NHTSA creates a safety vacuum

- Clarence Ditlow Clarence Ditlow is executive director of the Center for Automotive Safety.

Driverless vehicles are a marketing marvel. But it’s not a safety miracle as the auto industry and its captive regulator, the National Highway Traffic Safety Administra­tion, claim. In its zeal to advance driverless vehicles, NHTSA has forgotten its mission is to ensure safety, not promote gee- whiz vehicle technology to increase sales. It is an inherent conflict of interest for any agency to both promote and regulate technology.

NHTSA’s deference to industry initiative­s in lieu of safety standards represents an abdication of regulatory responsibi­lities that is unpreceden­ted in the history of the agency. NHTSA was establishe­d by Congress in 1966, after lawmakers concluded that voluntary auto safety standards had largely failed and that mandatory ones were necessary.

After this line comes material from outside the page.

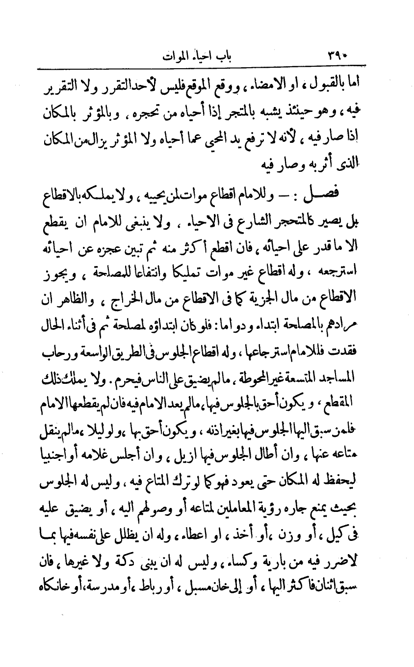 ولا يملكه بالإقطاع بل يصير كالمتحجر الشارع في الأحياء ولا ينبغي للإمام أن يقطع إلا ما قدر على إحيائه فإن اقطع أكثر منه ثم تبين عجزه عن إحيائه استرجعه وله إقطاع غير موات تمليكا وانتفاعا للمصلحة ويجوز الإقطاع من مال الجزية كما في الإقطاع من مال الخراج والظاهر أن مرادهم بالمصلحة ابتداء ودواما فلو كان ابتداؤه لمصلحة ثم في أثناء الحال فقدت فللإمام استرجاعها وله إقطاع الجلوس في الطريق الواسعة ورحاب المساجد المتسعة غير المحوطة مالم يضيق على الناس فيحرم ولا يملك ذلك المقطع ويكون أحق بالجلوس فيها ما لم يعد الإمام فيه فإن لم يقطعها الإمام فلمن سبق إليها الجلوس فيها بغير أذنه ويكون أحق بها ولو ليلا ما لم ينقل متاعه عنها وإن أطال الجلوس فيها أزيل وإن أجلس غلامه أو أجنبيا ليحفظ له المكان حتى يعود فهو كما لوترك المتاع فيه وليس له الجلوس بحيث يمنع جاره رؤية المعاملين لمتاعه أو وصولهم إليه أو يضيق عليه في كيل أو وزن أو أخذ أو إعطاء وله أن يظلل على نفسه فيها بما لا ضرر فيه من بارية وكساء وليس له أن يبني دكة ولا غيرها فإن سبق اثنان فأكثر إليها أو إلى خان مسبل أو رباط أو مدرسة أو خانكاه

Asked about this radical departure from the regulatory process enacted by Congress 50 years ago, Transporta­tion Secretary Anthony Foxx gave the excuse that he wanted to ease regulation­s to make it easier for the technology to develop.

From three- point seat belts to air bags to stronger roofs, the auto industry fought safety standards that save lives. In 1983, a unanimous Supreme Court noted that “the automobile industry waged the regulatory equivalent of war against the air bag and lost.”

Once again, the industry is waging the regulatory equivalent of war, this time against regulation of driverless vehicles. NHTSA’s rulemaking process has withstood the test of time and been used in more than 4,000 proceeding­s, including many involving highly technical issues. Safety standards stimulate technology, which promotes sales and safety. Last year set a record for the most vehicles sales ( 17.5 million) and cumulative lives saved ( 3.5 million) since Ralph Nader wrote Unsafe at Any Speed in 1965.

Congress intended that standards would regulate and stimulate new safety technologi­es. Today’s NHTSA has abandoned the regulatory side for the stimulatio­n side, leaving safety by the wayside. By not issuing safety standards on driverless vehicles, NHTSA creates a safety vacuum that will inevitably lead to consumers dying as unwitting guinea pigs in crashes of unproven driverless vehicles.